The Kalman Filter does not just give us a single estimate of what the system is doing, but it gives us an entire probability distribution of where the system might be. With a Kalman Filter, we not only know what the pendulum angle most likely is at a given time, but we also know how far away from that estimate it plausibly could be. The graph below shows the 1σ bounds of our estimate probability distribution. If the Kalman Filter is correctly programmed, the actual pendulum angle has a 68.2% chance of being between the 1σ boundaries*. In the picture below, notice how the 1σ boundaries start far away from each other, but gradually come together, showing the Kalman Filter's accumulation of information; as more measurements are received, the filter becomes more certain about the angle. At the beginning of the simulation, the filter believes that the angle could plausibly be anywhere from -8 to 46 degrees, while at the end, it expects the angle to be between 25 and 35 degree - a very narrow range.



By understanding that the Kalman Filter's estimate is actually a probability distribution, we are getting close to the fundamental enlightenment that the filter can give us about how to weigh ideas. The key that makes the Kalman Filter work so well is that it uses the uncertainty in its current estimate to make a decision about how much it should trust new measurements that it receives.

In a sense, the Kalman Filter is constantly optimally adjusting its open-mindedness to new measurements, and I submit that this is how people should handle new ideas. The level of open-mindedness in the Kalman Filter is based on the accuracy of the physics model and the reliability of the measurements. If the observer has a very accurate model of the physics, and has received many measurements in the past, it will not be led astray by new inaccurate measurements as would be the case in the absence of a filter. If, on the other hand, the observer has few previous measurements to work with, and doesn't have a great physics model, it is open to the innovation brought by new measurements. If the physics model isn't great, and the measurements are unreliable, of course, the observer simply cannot make a good judgment about the state of the system.

I am not saying that we should use some sort of cold, hard mathematics to make decisions. On the contrary, it is usually quite impossible to make any quantitative statements about the decisions that we face in everyday life. Instead, I am saying that when we are told new things or are trying to discern what is right, we should make a conscious effort to determine the degree of reliability of the premises we hold and observations that we take in.

It seems to me that people tend to fall into one of two extreme categories: either they are tossed to and fro by every new idea that they hear (this is the side that I tend to err on) or they are almost always immovably set in the ideas that they hold. Bayes' rule and the ideas behind the Kalman Filter suggest that the "inertia" of our ideas should be dynamic and should have differing magnitudes with regard to different facets of life based on the certainty of knowledge we have in a particular area.

We are all becoming experts in certain fields. By "field" I mean any related set of activities that require specialized knowledge. A field could be anything from psychology to fishing to interacting with a specific family member. After becoming experts in a field, we can be confident that our ideas are correct and can safely reject conflicting ideas (assuming that the foundational facts haven't changed since we developed the ideas). However, before we become experts, we should be open to new ideas because our body of knowledge is still in its infancy.

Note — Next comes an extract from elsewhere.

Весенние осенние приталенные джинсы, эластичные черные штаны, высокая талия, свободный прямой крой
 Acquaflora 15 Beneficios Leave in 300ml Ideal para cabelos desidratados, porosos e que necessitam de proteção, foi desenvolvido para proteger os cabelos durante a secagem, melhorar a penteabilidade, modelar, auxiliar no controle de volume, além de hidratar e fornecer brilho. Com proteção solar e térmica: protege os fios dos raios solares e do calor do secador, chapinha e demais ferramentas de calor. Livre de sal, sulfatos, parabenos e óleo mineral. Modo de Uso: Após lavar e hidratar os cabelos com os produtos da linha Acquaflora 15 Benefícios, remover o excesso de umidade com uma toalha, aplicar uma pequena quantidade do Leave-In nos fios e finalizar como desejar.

People are too often too afraid to say that they don't know about something. In the extremely complex world we live in, there are a great deal of processes that are incomprehensible to our brains. Our minds are optimized for dealing with things on human scales, that is, they are adept at conceptualizing things that take place over times from 1 second to 10 years, on distances from 1 millimeter to 5 kilometers, involve groups of 1 to 500, etc., but our minds don't handle bigger or smaller processes well, and we can only begin to grasp them after years of absorbing abstract information and undergoing extensive training. Furthermore, since our brains make so many approximations and use so many heuristics, they are not very effective at understanding things based purely on reason and the testimony of others rather than direct experience. Thus, it is rare for someone to be able to fully comprehend something without having personally experienced it.

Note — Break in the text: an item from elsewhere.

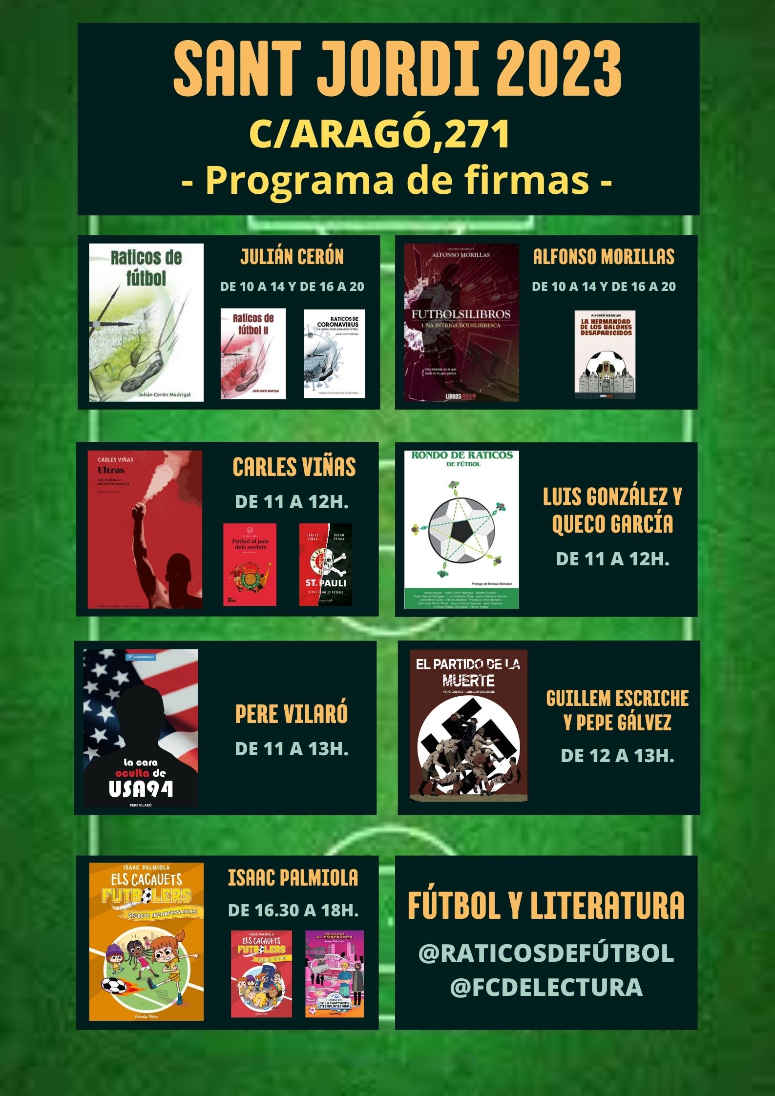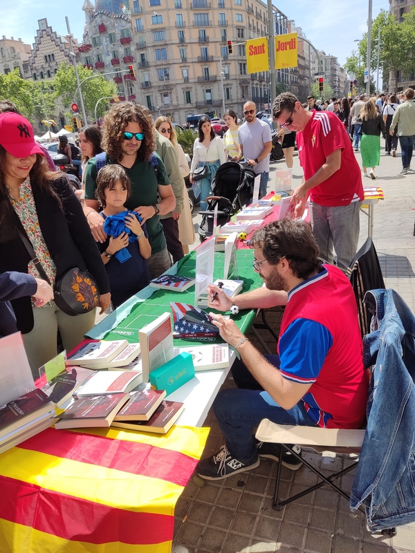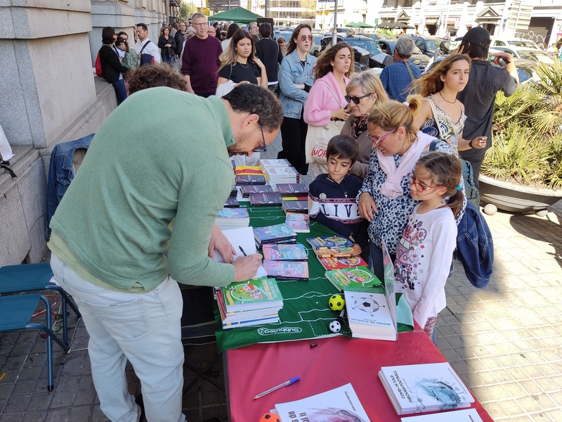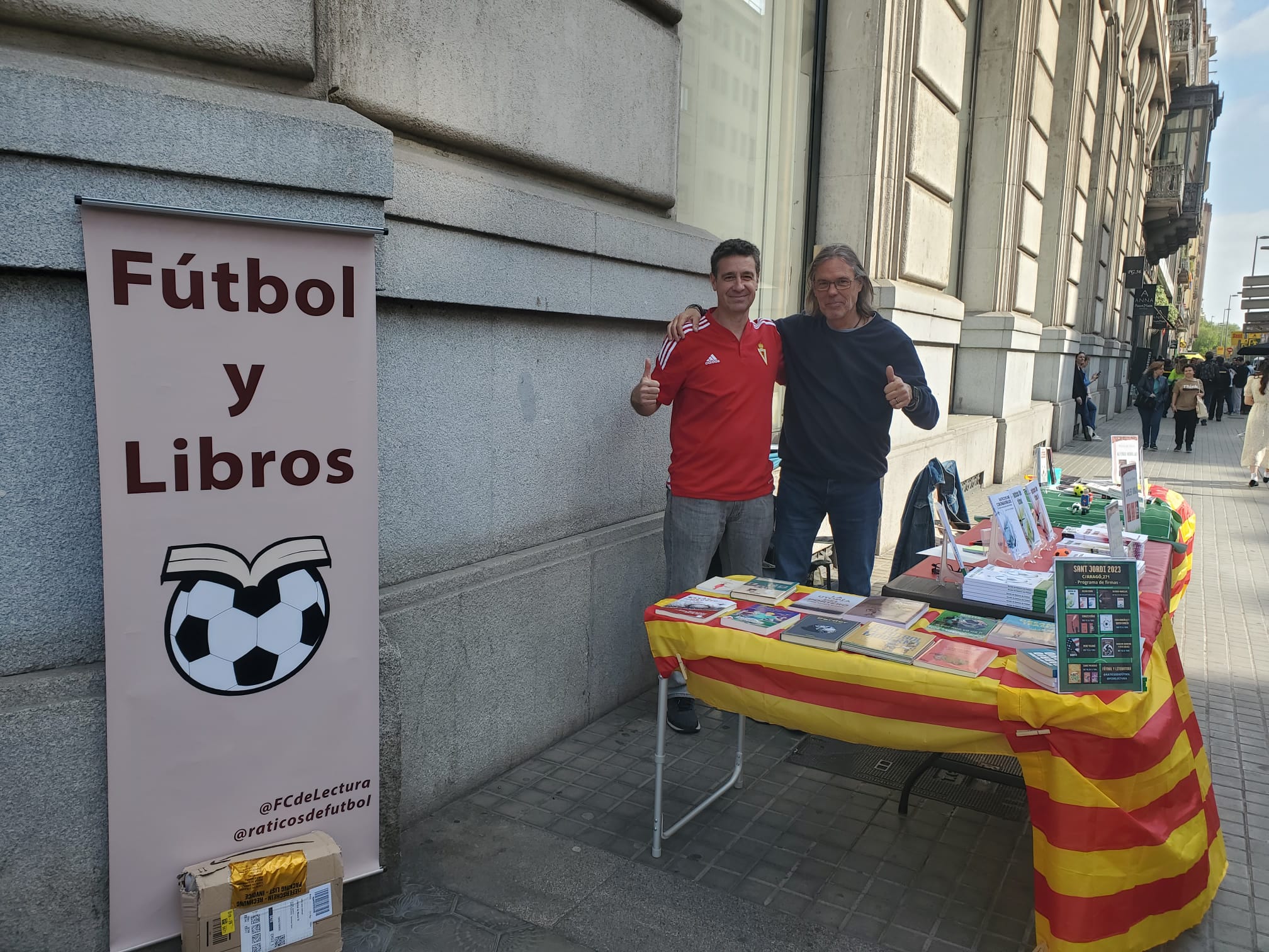 El pasado domingo, Diada de Sant Jordi en la que se regalan libros y rosas en Catalunya, volvió a ser un magnífico día. Junto al amigo Julián Cerón (@raticosdefutbol) volvimos a montar una parada con nuestros libros y que sirvió, a la vez, para que algunos autores con obra futbolera vinieran a firmar sus obras.

For these reasons, I think that we should admit that we simply can't be sure of the answers to most of the questions that we ask in our lives. This doesn't mean that we are unable to make decisions. Decisions don't wait until we know enough to demand being made. Sometimes if there is not more information available we have to go with our best estimate of what is right even if we are not certain about it. This is completely reasonable. However some people will make a further jump that is not reasonable. They will assume that since they have taken a course of action or made a statement, they are bound to believe that course of action or statement was right. "I acted on this idea, so it must be right; otherwise I am a fool," they say in their mind. I submit that a decision should not cause any change our level of certainty. Instead, we should be candid with ourselves about our doubtable ideas and seek real evidence to determine if our decisions were justifiable.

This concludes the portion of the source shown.